在2型糖尿病(T2DM)的当前管理中,心血管和肾脏预防已成为重要的治疗目标。在此背景下,巴西和葡萄牙的四个内分泌学会联合成立了一个小组,以制定基于证据的T2DM高血糖治疗指南。
通过MEDLINE(经由PubMed)检索与糖尿病治疗相关的随机临床试验、荟萃分析和观察性研究。当高质量证据不足时,征求专家意见。制定了关于心力衰竭(HF)、动脉粥样硬化性心血管疾病(ASCVD)、慢性肾脏病(CKD)的T2DM患者以及无血管并发症患者治疗的最新立场。使用预定义标准确定推荐程度和证据水平。

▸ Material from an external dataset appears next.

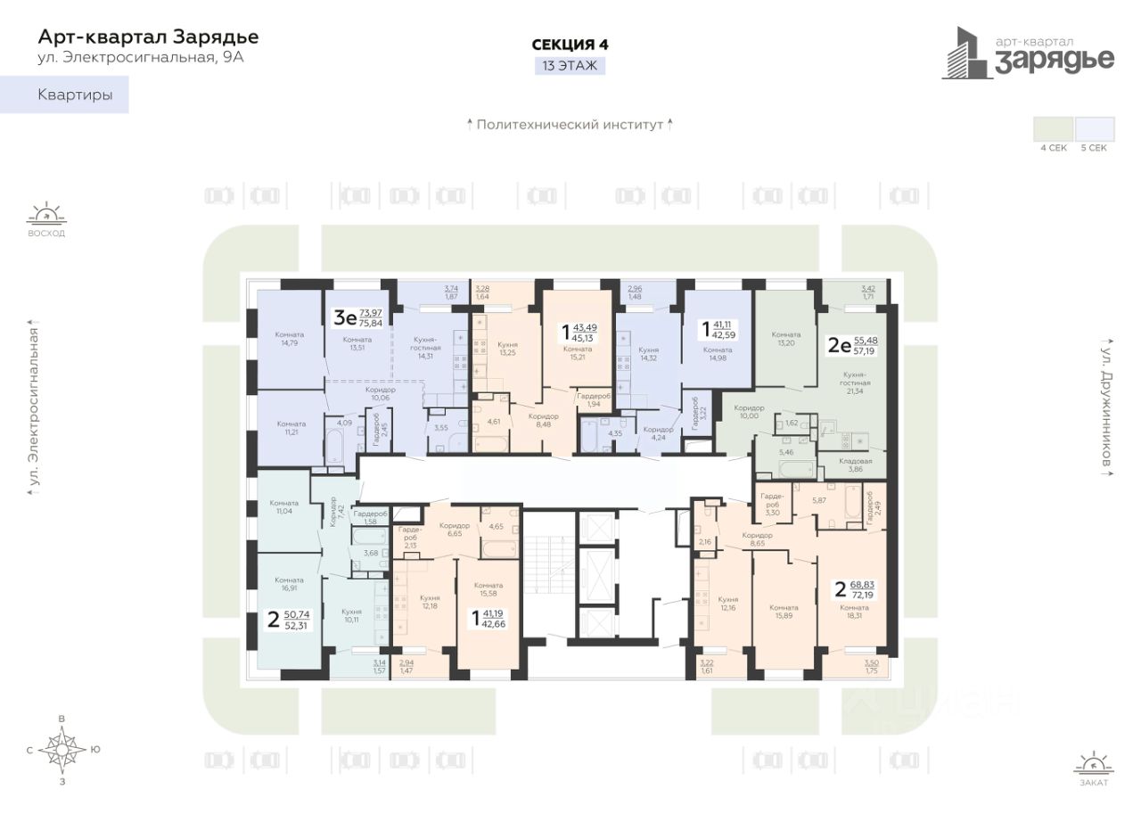 Арт-квартал ''Зарядье'' - это новый микрорайон, который расположен на пересечении улиц Электросигнальной и Дружинников, в 5 минутах ходьбы от остановки Политехнический институт. Арт-квартал возводится в тихой части Коминтерновского района рядом с крупнейшей городской артерией - Московский проспект. Благодаря своему удачному расположению путь до центра города займет всего 10 минут. Помимо транспортной доступности в районе активно развита инфраструктура.

在非妊娠成年人中,推荐的糖化血红蛋白(HbA)目标低于7%。对于身体虚弱的老年人和低血糖风险较高的患者,建议设定更高的目标值。在治疗的各个阶段均建议进行生活方式调整。当HbA为6.5 - 7.5%时,二甲双胍是首选药物。当HbA为7.5 - 9.0%时,由于具有心血管和肾脏益处,建议二甲双胍联合钠 - 葡萄糖协同转运蛋白2抑制剂(SGLT2i)和/或胰高血糖素样肽 - 1受体激动剂(GLP - RA,一线抗糖尿病药物,AD1)进行双重治疗。如果AD1无法承受,则可使用其他抗糖尿病药物(AD)。当HbA仍高于目标值时,应考虑三联或四联治疗。对于有临床或亚临床动脉粥样硬化的患者,推荐AD1联合二甲双胍作为一线治疗,以减少心血管事件并改善血糖控制。对于射血分数低(<40%)且肾小球滤过率(eGFR)>30 mL/min/1.73m²的稳定心力衰竭患者,建议使用二甲双胍联合SGLT - 2i,以降低心血管死亡率和心力衰竭住院率,并改善血糖控制。对于糖尿病相关慢性肾脏病(CKD)患者(eGFR为30 - 60 mL/min/1.73m²或eGFR为30 - 90 mL/min/1.73m²且白蛋白尿>30mg/g),建议二甲双胍联合SGLT2i,以减轻肾功能丧失、减少白蛋白尿并改善血糖控制。对于严重肾衰竭患者,建议采用胰岛素治疗以改善血糖控制。另外,可考虑使用GLP - RA、二肽基肽酶4抑制剂(DPP4i)、格列齐特缓释片和吡格列酮来减少白蛋白尿。总之,当前证据支持对T2DM进行个体化降糖治疗。